Mark Zuckerberg, pendiri Facebok dan CEO Meta, induk perusahaan Instagram dan WhatsApp, melempar sederet pujian ke pemerintahan Presiden Donald Trump.

Bahkan, Zuckerberg menyatakan pada 2025 hubungan perusahaannya dengan pemerintah bakal berubah total.

“Kini kita memiliki pemerintah yang bangga dengan perusahaan-perusahaan terbesar, mengutamakan kemenangan teknologi Amerika dan akan membela nilai serta kepentingan Amerika di luar negeri,” kata Zuckerberg dalam paparan kinerja keuangan Meta di hadapan para investor.

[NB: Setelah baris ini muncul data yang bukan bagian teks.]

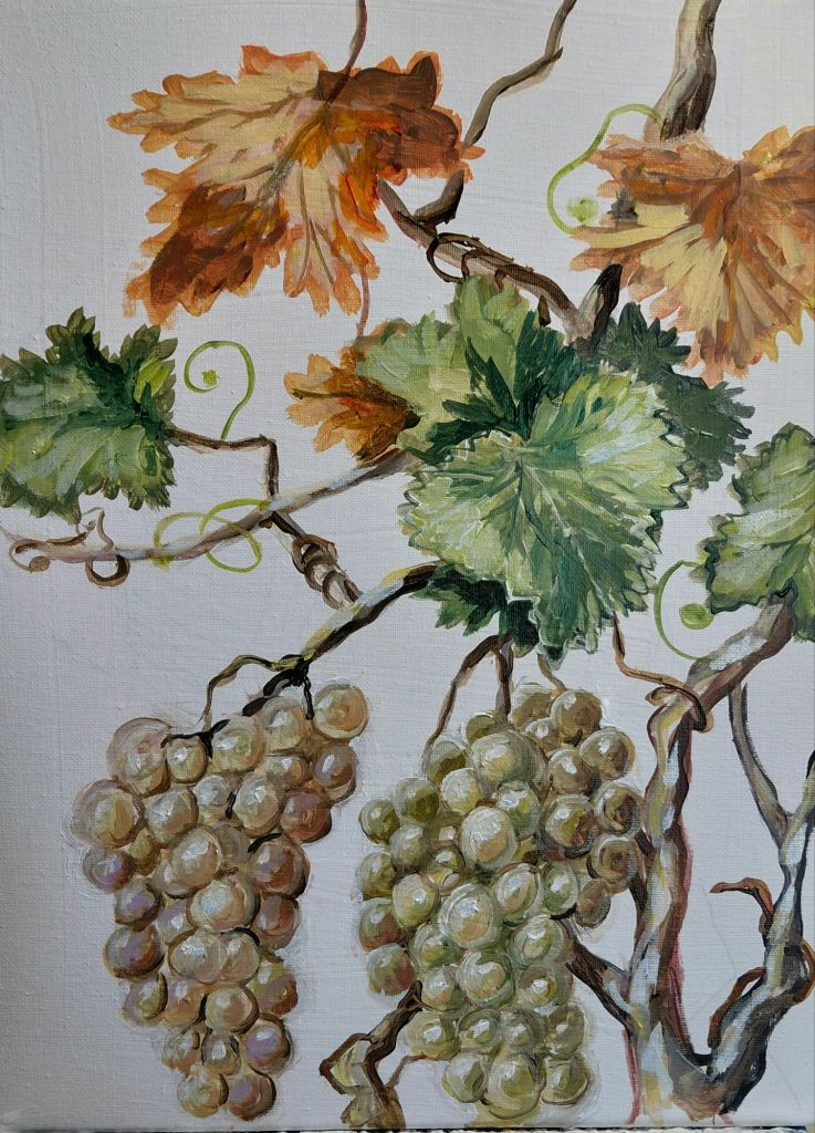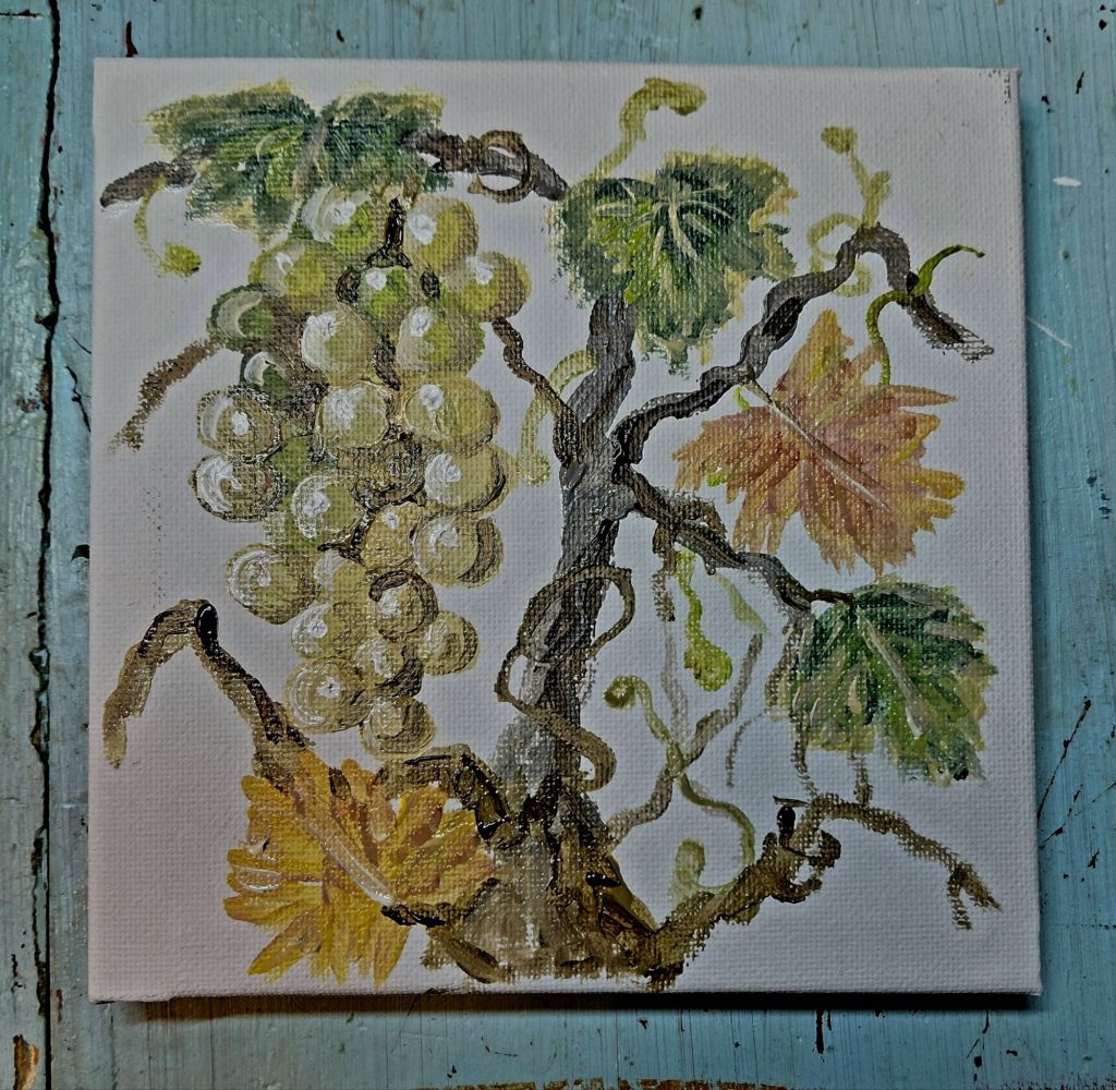 So this morning I painted a more close up view of grapes and a vine.

“Saya optimistis tentang progres dan inovasi yang bisa tercipta, jadi tahun ini bakal menjadi tahun yang besar.”

Meta pada Rabu juga sepakat untuk memilih jalan damai dan membayar US$ 25 juta untuk mengakhiri gugatan yang dilayangkan oleh Presiden Donald Trump.

Trump menggugat Meta karena akun Facebook dan Instagram resmi miliknya ditutup setelah peristiwa pemberontakan di Gedung Kongres pada 6 Januari 2021.

Zuckerberg dan Meta juga telah melempar beberapa pernyataan untuk memperbaiki hubungan mereka dengan Donald Trump.

Meta bahkan menyumbangkan US$ 1 juta untuk dana pelantikan Trump sebagai Presiden AS.

Pada bulan ini, Zuckerberg mengumumkan keputusan Meta untuk menyetop program pengecekan fakta oleh pihak ketiga dalam rangka “mengembalikan kebebasan berekspresi” di Instagram dan Facebook.

Instagram, Threads, dan Facebook akan mengganti program cek fakta mereka dengan sistem “catatan komunitas” seperti yang telah diterapkan di X, platform media sosial milik Elon Musk yang dulu bernama Twitter.

Meta juga akan berhenti secara aktif mencari ujaran kebencian dan konten yang melanggar aturan.

Pihak perusahaan hanya akan merespons laporan dari pengguna.

Sistem blokir otomatis akan difokuskan ke potensi pelanggaran yang sangat berbahaya seperti terorisme, eksploitasi anak, penipuan, dan narkoba.

Perubahan kebijakan saat ini hanya berlaku di Amerika Serikat. Meta belum memiliki rencana untuk mengakhiri program cek fakta di pasar lainnya, termasuk Uni Eropa.

Di Uni Eropa, media sosial harus mentaati aturan Digital Services Act yang berlaku mulai 2023.

Semua media sosial raksasa diwajibkan untuk menangani konten ilegal dan konten yang menimbulkan risiko kepada keamanan publik, di platform mereka.

Jika gagal melaksanakan aturan itu, perusahaan terancam denda 6 persen dari pendapatan global.